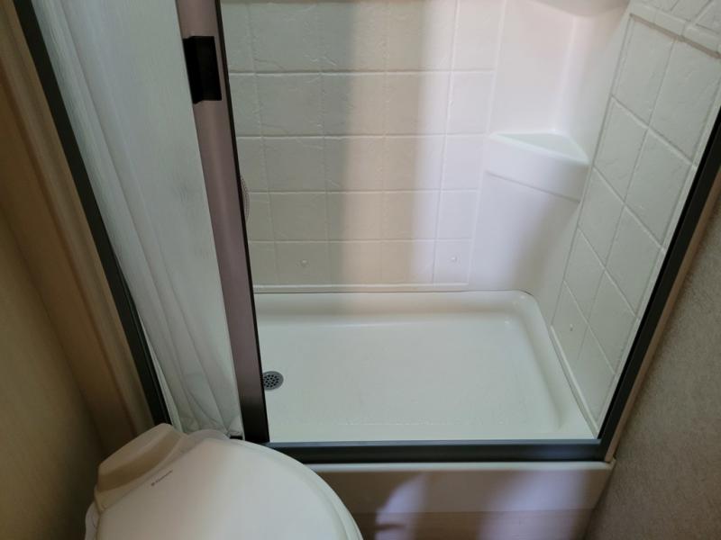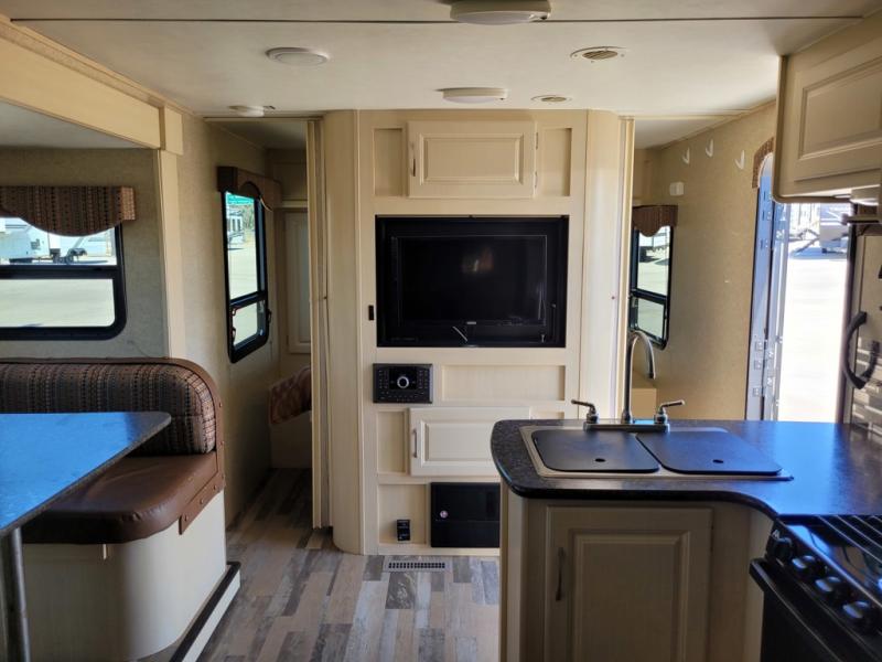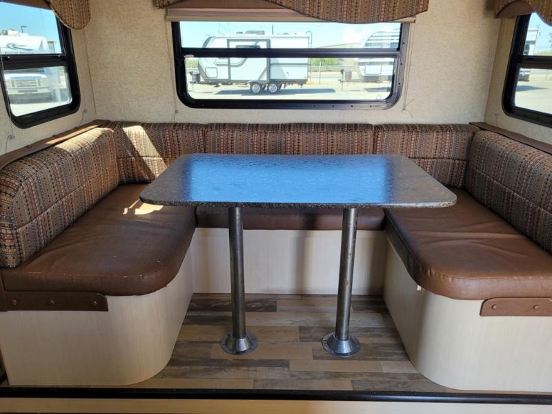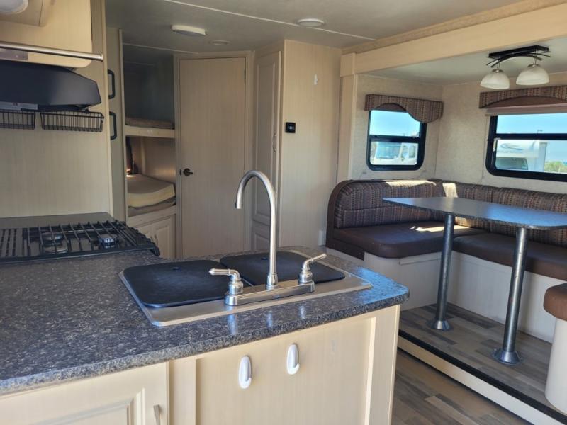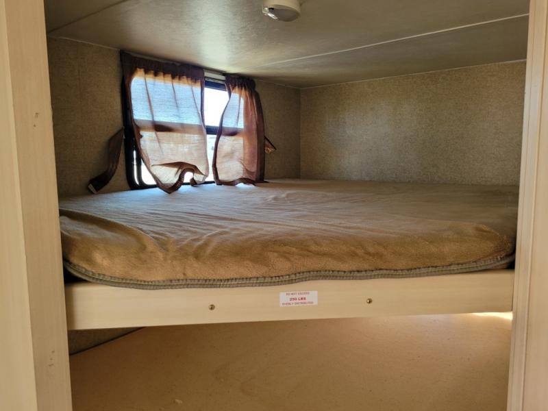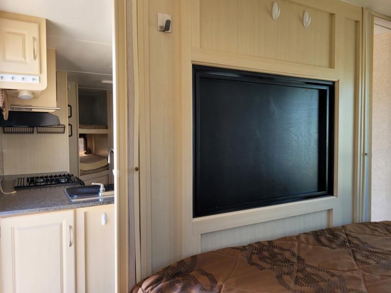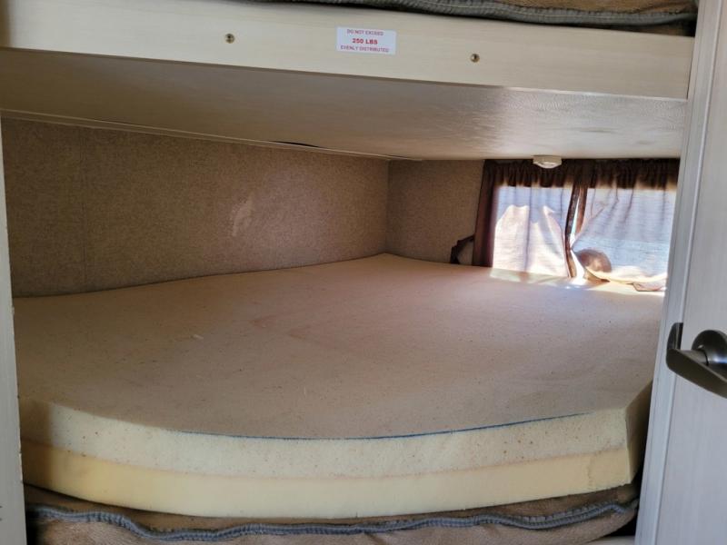 What I liked most: The dining booth area looks like it has a larger seating capacity than other similar sized towables. The walk through storage next to the bunks is convenient. The entertainment center has a very appealing look with its curved sides and light colored wood.
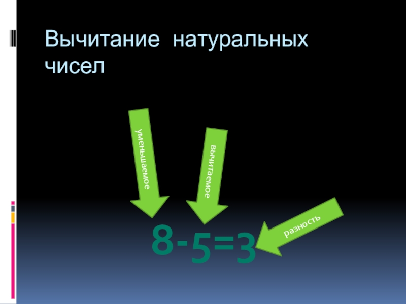 Вычитание натуральных чисел8-5=3уменьшаемоевычитаемоеразность
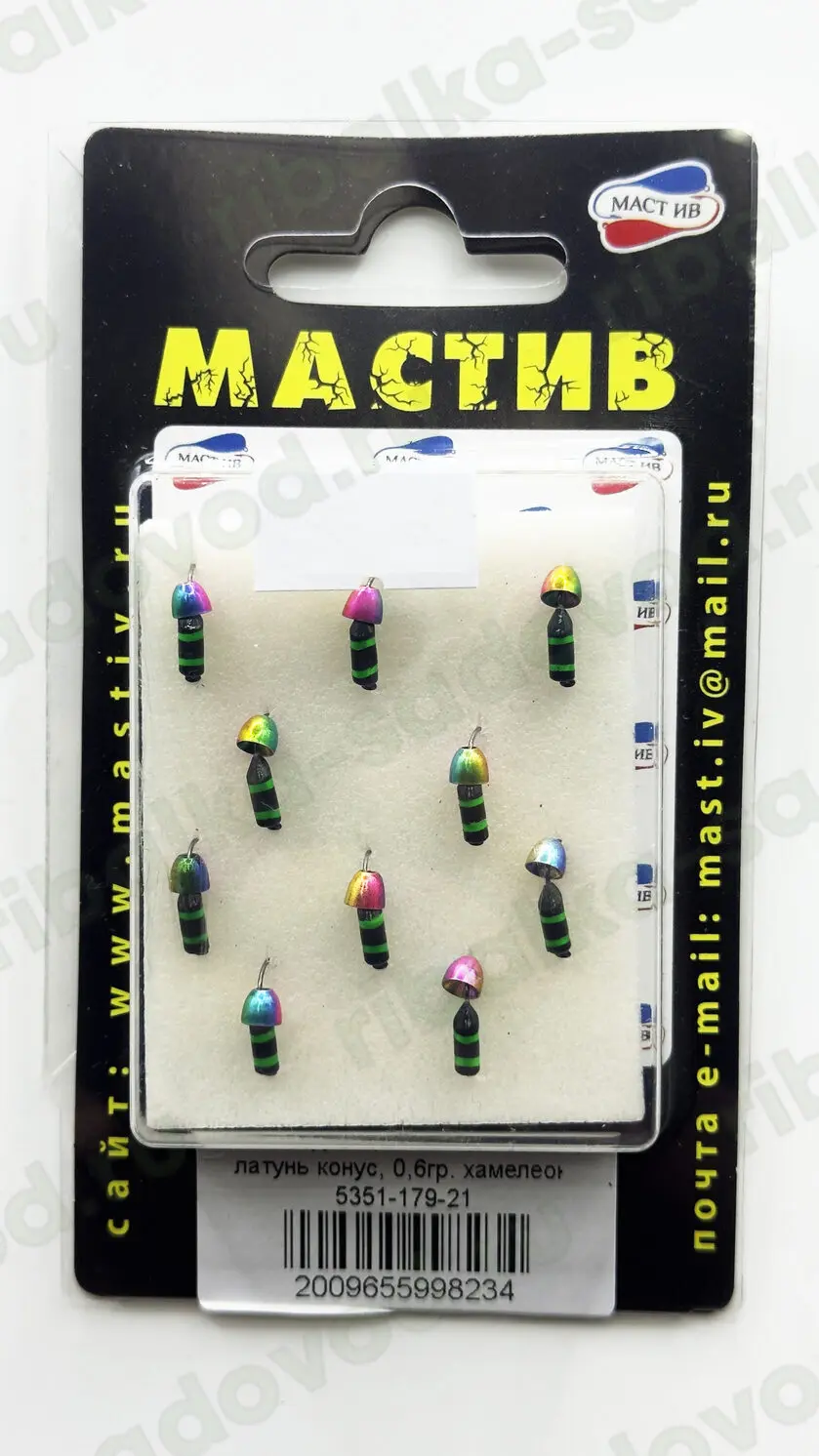 Мормышка МАСТИВ вольфрам, латунь конус 0.6гр, хамелион, мин заказ 10шт/уп. (Арт-LN.5351-179-21)

------

- EXERCISE BRIEF -
All of the lines above should be copied exactly, apart from the pictures.

- SOLUTION FOR THIS EXERCISE -
 What I liked most: The dining booth area looks like it has a larger seating capacity than other similar sized towables. The walk through storage next to the bunks is convenient. The entertainment center has a very appealing look with its curved sides and light colored wood.
 Вычитание натуральных чисел8-5=3уменьшаемоевычитаемоеразность
 Мормышка МАСТИВ вольфрам, латунь конус 0.6гр, хамелион, мин заказ 10шт/уп. (Арт-LN.5351-179-21)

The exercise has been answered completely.